● **Exercise aim**
Here the job is to repeat the listing exactly, but not the pictures in it.

● **Task data**
==============================

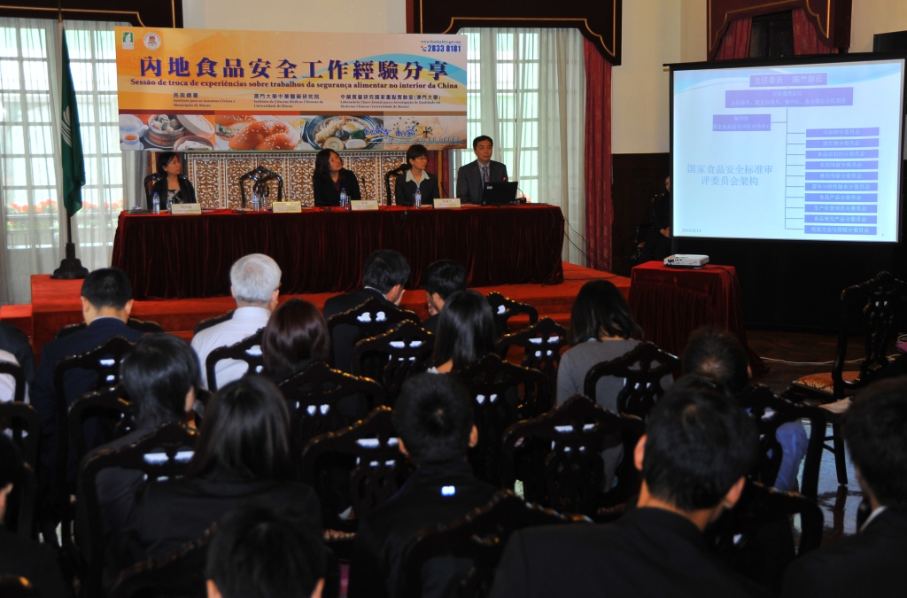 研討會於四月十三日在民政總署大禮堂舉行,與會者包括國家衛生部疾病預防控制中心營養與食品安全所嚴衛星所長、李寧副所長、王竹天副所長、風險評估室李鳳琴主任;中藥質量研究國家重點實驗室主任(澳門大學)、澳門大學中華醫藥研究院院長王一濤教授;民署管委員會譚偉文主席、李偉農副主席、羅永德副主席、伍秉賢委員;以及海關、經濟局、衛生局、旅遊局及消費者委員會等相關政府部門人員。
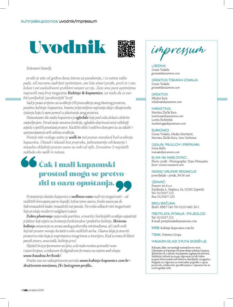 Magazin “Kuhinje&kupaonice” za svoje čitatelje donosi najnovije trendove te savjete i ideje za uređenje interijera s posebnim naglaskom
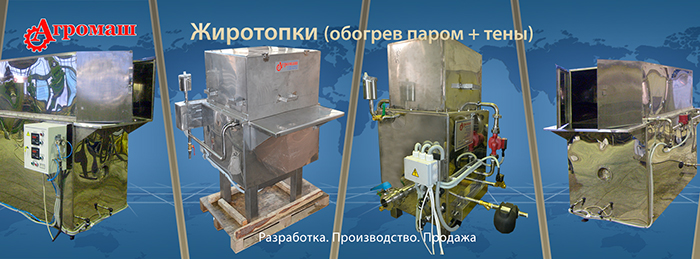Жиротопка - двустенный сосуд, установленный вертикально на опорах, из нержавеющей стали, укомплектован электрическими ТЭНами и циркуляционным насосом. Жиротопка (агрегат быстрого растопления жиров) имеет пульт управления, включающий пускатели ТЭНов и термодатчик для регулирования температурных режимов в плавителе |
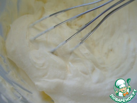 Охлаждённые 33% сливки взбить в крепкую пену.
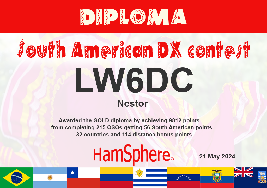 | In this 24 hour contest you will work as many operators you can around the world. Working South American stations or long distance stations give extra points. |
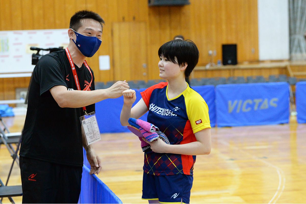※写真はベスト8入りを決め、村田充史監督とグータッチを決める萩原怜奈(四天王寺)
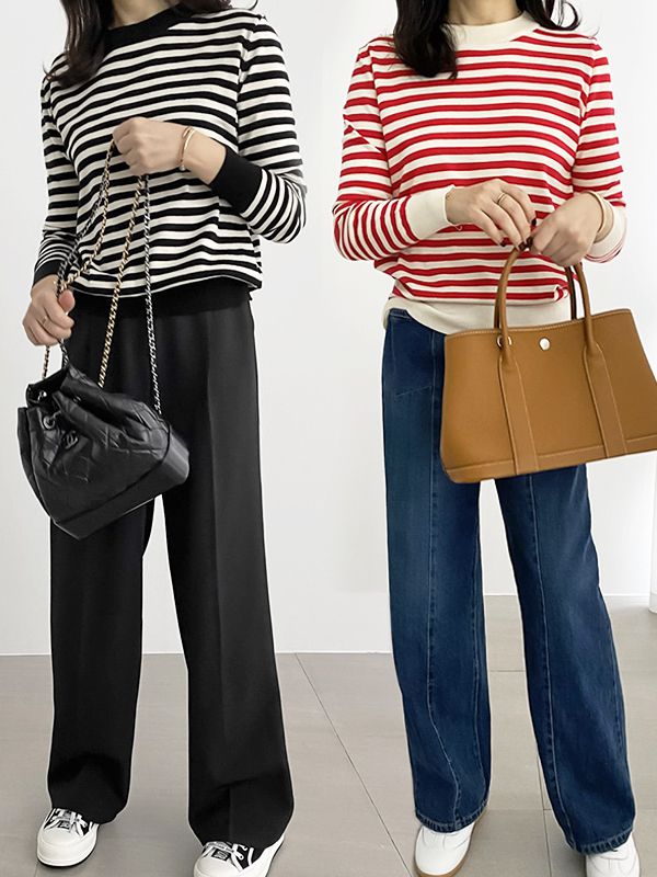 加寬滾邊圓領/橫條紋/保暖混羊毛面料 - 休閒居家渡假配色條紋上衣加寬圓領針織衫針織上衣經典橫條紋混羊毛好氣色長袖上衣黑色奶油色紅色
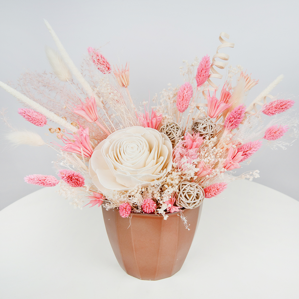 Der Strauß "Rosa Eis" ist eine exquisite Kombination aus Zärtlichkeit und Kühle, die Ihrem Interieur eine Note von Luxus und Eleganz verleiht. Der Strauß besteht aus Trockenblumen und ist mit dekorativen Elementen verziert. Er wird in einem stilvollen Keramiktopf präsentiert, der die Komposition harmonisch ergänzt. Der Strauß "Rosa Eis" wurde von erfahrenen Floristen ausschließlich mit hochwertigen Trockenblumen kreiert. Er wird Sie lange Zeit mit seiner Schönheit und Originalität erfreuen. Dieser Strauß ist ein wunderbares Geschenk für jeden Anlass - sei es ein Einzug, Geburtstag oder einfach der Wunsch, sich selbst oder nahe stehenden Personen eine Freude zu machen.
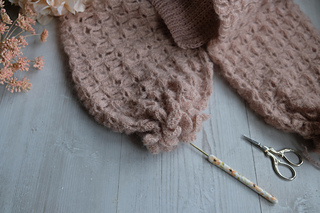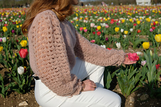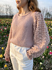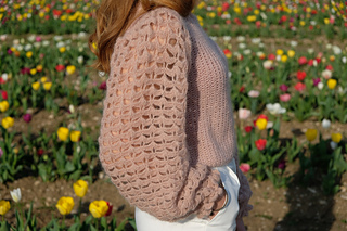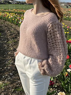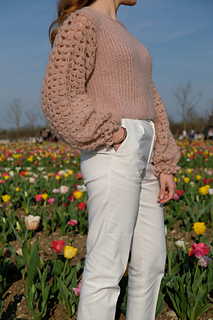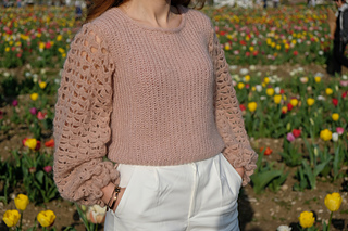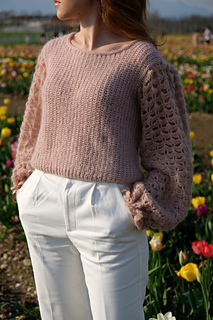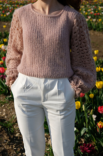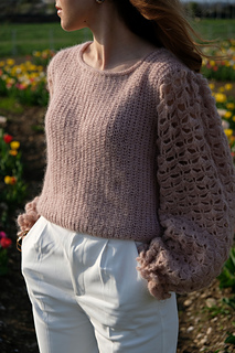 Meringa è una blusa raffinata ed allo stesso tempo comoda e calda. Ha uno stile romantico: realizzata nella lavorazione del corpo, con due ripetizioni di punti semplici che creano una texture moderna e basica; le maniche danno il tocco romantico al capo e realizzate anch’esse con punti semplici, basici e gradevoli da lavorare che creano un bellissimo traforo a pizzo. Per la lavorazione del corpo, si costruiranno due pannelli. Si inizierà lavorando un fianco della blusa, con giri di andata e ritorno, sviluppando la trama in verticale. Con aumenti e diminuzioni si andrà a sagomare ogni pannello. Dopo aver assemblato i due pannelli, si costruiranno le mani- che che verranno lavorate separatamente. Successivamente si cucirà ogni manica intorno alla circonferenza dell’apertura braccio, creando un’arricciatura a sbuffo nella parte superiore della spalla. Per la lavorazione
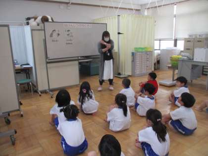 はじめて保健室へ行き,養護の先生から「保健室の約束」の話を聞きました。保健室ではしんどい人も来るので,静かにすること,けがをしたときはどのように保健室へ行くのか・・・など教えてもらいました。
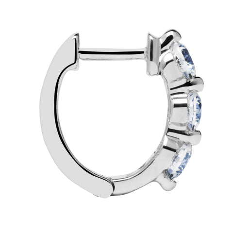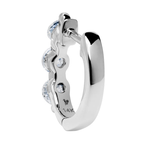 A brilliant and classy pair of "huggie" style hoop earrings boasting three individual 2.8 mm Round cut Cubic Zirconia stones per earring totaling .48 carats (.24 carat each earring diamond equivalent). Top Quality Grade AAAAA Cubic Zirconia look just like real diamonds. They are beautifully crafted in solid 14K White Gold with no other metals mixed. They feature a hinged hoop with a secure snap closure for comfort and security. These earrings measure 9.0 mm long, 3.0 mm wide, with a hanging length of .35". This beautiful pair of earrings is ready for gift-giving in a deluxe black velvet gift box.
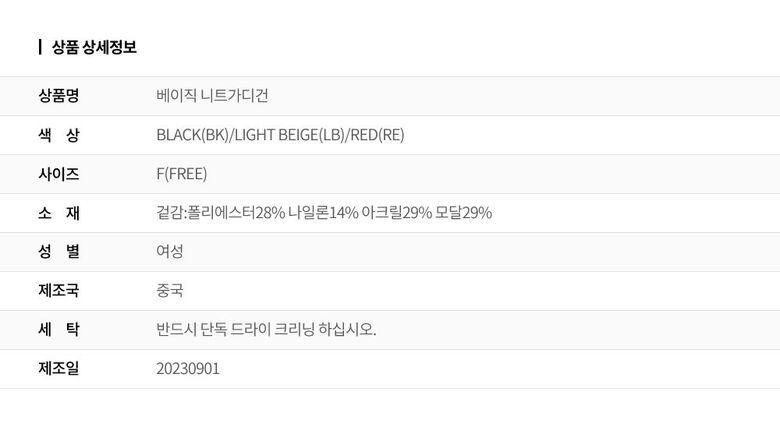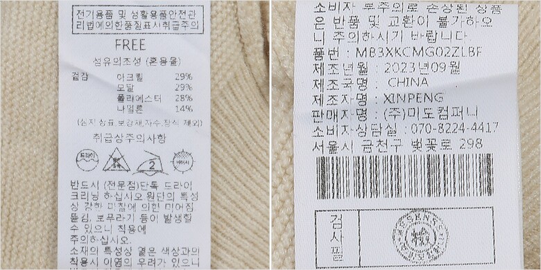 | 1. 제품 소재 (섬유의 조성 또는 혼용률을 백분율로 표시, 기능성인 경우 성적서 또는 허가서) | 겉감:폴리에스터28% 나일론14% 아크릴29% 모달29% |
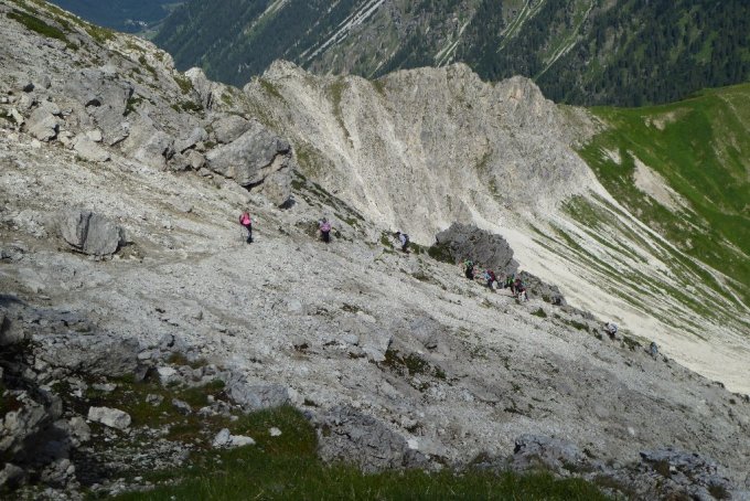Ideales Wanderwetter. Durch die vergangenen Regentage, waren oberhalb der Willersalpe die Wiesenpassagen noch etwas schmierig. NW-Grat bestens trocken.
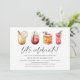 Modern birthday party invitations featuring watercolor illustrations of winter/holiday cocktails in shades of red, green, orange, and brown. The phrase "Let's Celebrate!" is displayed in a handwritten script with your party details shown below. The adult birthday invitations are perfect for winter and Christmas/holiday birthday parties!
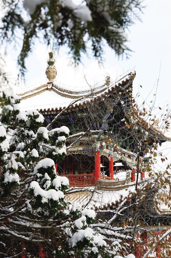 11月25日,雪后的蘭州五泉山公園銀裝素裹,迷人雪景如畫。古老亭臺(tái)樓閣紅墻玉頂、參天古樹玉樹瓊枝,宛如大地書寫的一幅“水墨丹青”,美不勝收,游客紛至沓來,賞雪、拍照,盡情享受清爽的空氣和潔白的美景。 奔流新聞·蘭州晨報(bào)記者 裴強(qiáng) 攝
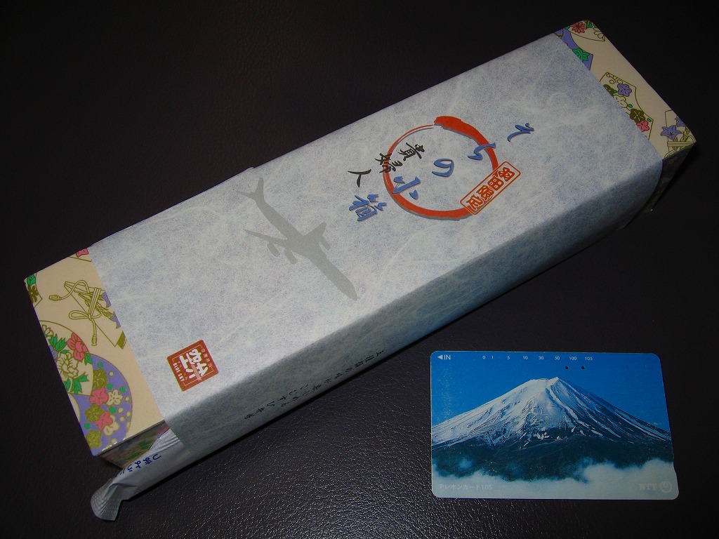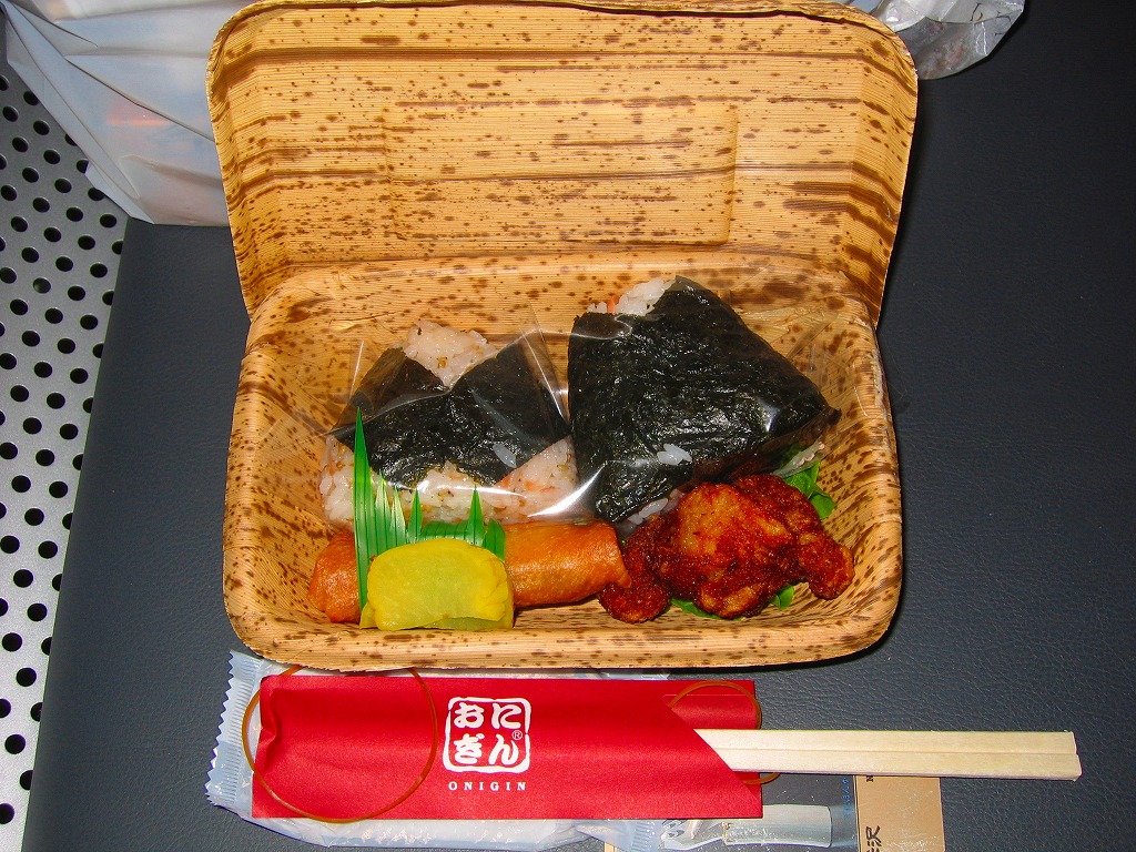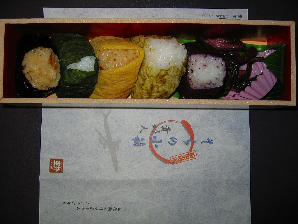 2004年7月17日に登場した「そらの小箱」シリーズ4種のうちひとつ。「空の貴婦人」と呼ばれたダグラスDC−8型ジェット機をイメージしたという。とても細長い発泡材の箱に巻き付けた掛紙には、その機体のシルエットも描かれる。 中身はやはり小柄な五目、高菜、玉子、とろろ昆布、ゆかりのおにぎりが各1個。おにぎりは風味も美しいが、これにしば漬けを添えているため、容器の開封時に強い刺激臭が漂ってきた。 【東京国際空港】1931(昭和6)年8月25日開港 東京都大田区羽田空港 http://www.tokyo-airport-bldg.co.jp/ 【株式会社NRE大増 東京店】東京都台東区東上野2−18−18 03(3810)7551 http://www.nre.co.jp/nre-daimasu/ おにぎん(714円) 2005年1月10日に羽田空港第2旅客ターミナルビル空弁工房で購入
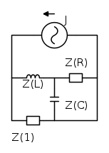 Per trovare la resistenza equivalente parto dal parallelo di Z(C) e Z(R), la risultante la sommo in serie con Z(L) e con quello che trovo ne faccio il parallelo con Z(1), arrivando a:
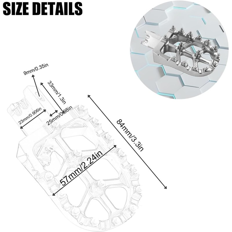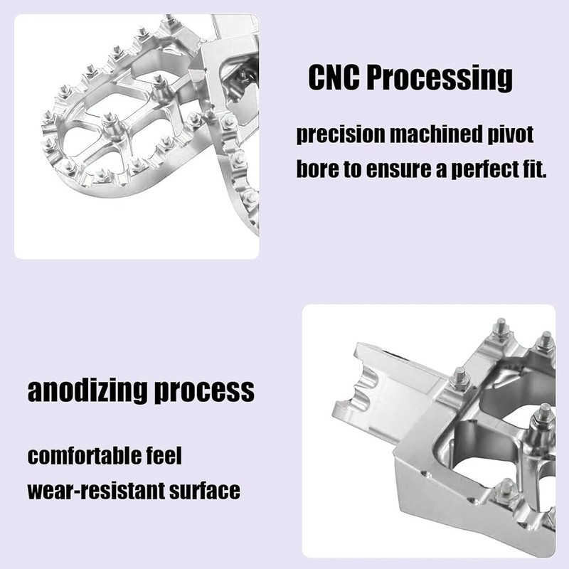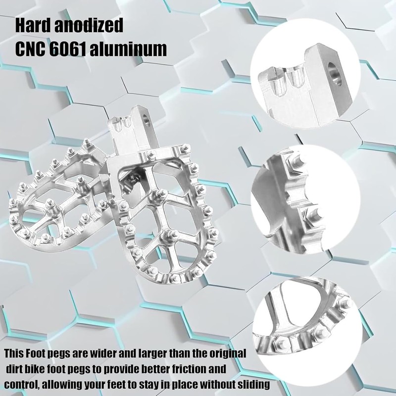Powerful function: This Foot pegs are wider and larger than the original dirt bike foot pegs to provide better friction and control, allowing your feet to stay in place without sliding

==============================

● **Answer**
 研討會於四月十三日在民政總署大禮堂舉行,與會者包括國家衛生部疾病預防控制中心營養與食品安全所嚴衛星所長、李寧副所長、王竹天副所長、風險評估室李鳳琴主任;中藥質量研究國家重點實驗室主任(澳門大學)、澳門大學中華醫藥研究院院長王一濤教授;民署管委員會譚偉文主席、李偉農副主席、羅永德副主席、伍秉賢委員;以及海關、經濟局、衛生局、旅遊局及消費者委員會等相關政府部門人員。
 Magazin “Kuhinje&kupaonice” za svoje čitatelje donosi najnovije trendove te savjete i ideje za uređenje interijera s posebnim naglaskom
Жиротопка - двустенный сосуд, установленный вертикально на опорах, из нержавеющей стали, укомплектован электрическими ТЭНами и циркуляционным насосом. Жиротопка (агрегат быстрого растопления жиров) имеет пульт управления, включающий пускатели ТЭНов и термодатчик для регулирования температурных режимов в плавителе |
 Охлаждённые 33% сливки взбить в крепкую пену.
 | In this 24 hour contest you will work as many operators you can around the world. Working South American stations or long distance stations give extra points. |
※写真はベスト8入りを決め、村田充史監督とグータッチを決める萩原怜奈(四天王寺)
 加寬滾邊圓領/橫條紋/保暖混羊毛面料 - 休閒居家渡假配色條紋上衣加寬圓領針織衫針織上衣經典橫條紋混羊毛好氣色長袖上衣黑色奶油色紅色
 Der Strauß "Rosa Eis" ist eine exquisite Kombination aus Zärtlichkeit und Kühle, die Ihrem Interieur eine Note von Luxus und Eleganz verleiht. Der Strauß besteht aus Trockenblumen und ist mit dekorativen Elementen verziert. Er wird in einem stilvollen Keramiktopf präsentiert, der die Komposition harmonisch ergänzt. Der Strauß "Rosa Eis" wurde von erfahrenen Floristen ausschließlich mit hochwertigen Trockenblumen kreiert. Er wird Sie lange Zeit mit seiner Schönheit und Originalität erfreuen. Dieser Strauß ist ein wunderbares Geschenk für jeden Anlass - sei es ein Einzug, Geburtstag oder einfach der Wunsch, sich selbst oder nahe stehenden Personen eine Freude zu machen.
 Meringa è una blusa raffinata ed allo stesso tempo comoda e calda. Ha uno stile romantico: realizzata nella lavorazione del corpo, con due ripetizioni di punti semplici che creano una texture moderna e basica; le maniche danno il tocco romantico al capo e realizzate anch’esse con punti semplici, basici e gradevoli da lavorare che creano un bellissimo traforo a pizzo. Per la lavorazione del corpo, si costruiranno due pannelli. Si inizierà lavorando un fianco della blusa, con giri di andata e ritorno, sviluppando la trama in verticale. Con aumenti e diminuzioni si andrà a sagomare ogni pannello. Dopo aver assemblato i due pannelli, si costruiranno le mani- che che verranno lavorate separatamente. Successivamente si cucirà ogni manica intorno alla circonferenza dell’apertura braccio, creando un’arricciatura a sbuffo nella parte superiore della spalla. Per la lavorazione
 はじめて保健室へ行き,養護の先生から「保健室の約束」の話を聞きました。保健室ではしんどい人も来るので,静かにすること,けがをしたときはどのように保健室へ行くのか・・・など教えてもらいました。
 A brilliant and classy pair of "huggie" style hoop earrings boasting three individual 2.8 mm Round cut Cubic Zirconia stones per earring totaling .48 carats (.24 carat each earring diamond equivalent). Top Quality Grade AAAAA Cubic Zirconia look just like real diamonds. They are beautifully crafted in solid 14K White Gold with no other metals mixed. They feature a hinged hoop with a secure snap closure for comfort and security. These earrings measure 9.0 mm long, 3.0 mm wide, with a hanging length of .35". This beautiful pair of earrings is ready for gift-giving in a deluxe black velvet gift box.
 | 1. 제품 소재 (섬유의 조성 또는 혼용률을 백분율로 표시, 기능성인 경우 성적서 또는 허가서) | 겉감:폴리에스터28% 나일론14% 아크릴29% 모달29% |
Ideales Wanderwetter. Durch die vergangenen Regentage, waren oberhalb der Willersalpe die Wiesenpassagen noch etwas schmierig. NW-Grat bestens trocken.
 Modern birthday party invitations featuring watercolor illustrations of winter/holiday cocktails in shades of red, green, orange, and brown. The phrase "Let's Celebrate!" is displayed in a handwritten script with your party details shown below. The adult birthday invitations are perfect for winter and Christmas/holiday birthday parties!
 11月25日,雪后的蘭州五泉山公園銀裝素裹,迷人雪景如畫。古老亭臺(tái)樓閣紅墻玉頂、參天古樹玉樹瓊枝,宛如大地書寫的一幅“水墨丹青”,美不勝收,游客紛至沓來,賞雪、拍照,盡情享受清爽的空氣和潔白的美景。 奔流新聞·蘭州晨報(bào)記者 裴強(qiáng) 攝
 2004年7月17日に登場した「そらの小箱」シリーズ4種のうちひとつ。「空の貴婦人」と呼ばれたダグラスDC−8型ジェット機をイメージしたという。とても細長い発泡材の箱に巻き付けた掛紙には、その機体のシルエットも描かれる。 中身はやはり小柄な五目、高菜、玉子、とろろ昆布、ゆかりのおにぎりが各1個。おにぎりは風味も美しいが、これにしば漬けを添えているため、容器の開封時に強い刺激臭が漂ってきた。 【東京国際空港】1931(昭和6)年8月25日開港 東京都大田区羽田空港 http://www.tokyo-airport-bldg.co.jp/ 【株式会社NRE大増 東京店】東京都台東区東上野2−18−18 03(3810)7551 http://www.nre.co.jp/nre-daimasu/ おにぎん(714円) 2005年1月10日に羽田空港第2旅客ターミナルビル空弁工房で購入
 Per trovare la resistenza equivalente parto dal parallelo di Z(C) e Z(R), la risultante la sommo in serie con Z(L) e con quello che trovo ne faccio il parallelo con Z(1), arrivando a:
Powerful function: This Foot pegs are wider and larger than the original dirt bike foot pegs to provide better friction and control, allowing your feet to stay in place without sliding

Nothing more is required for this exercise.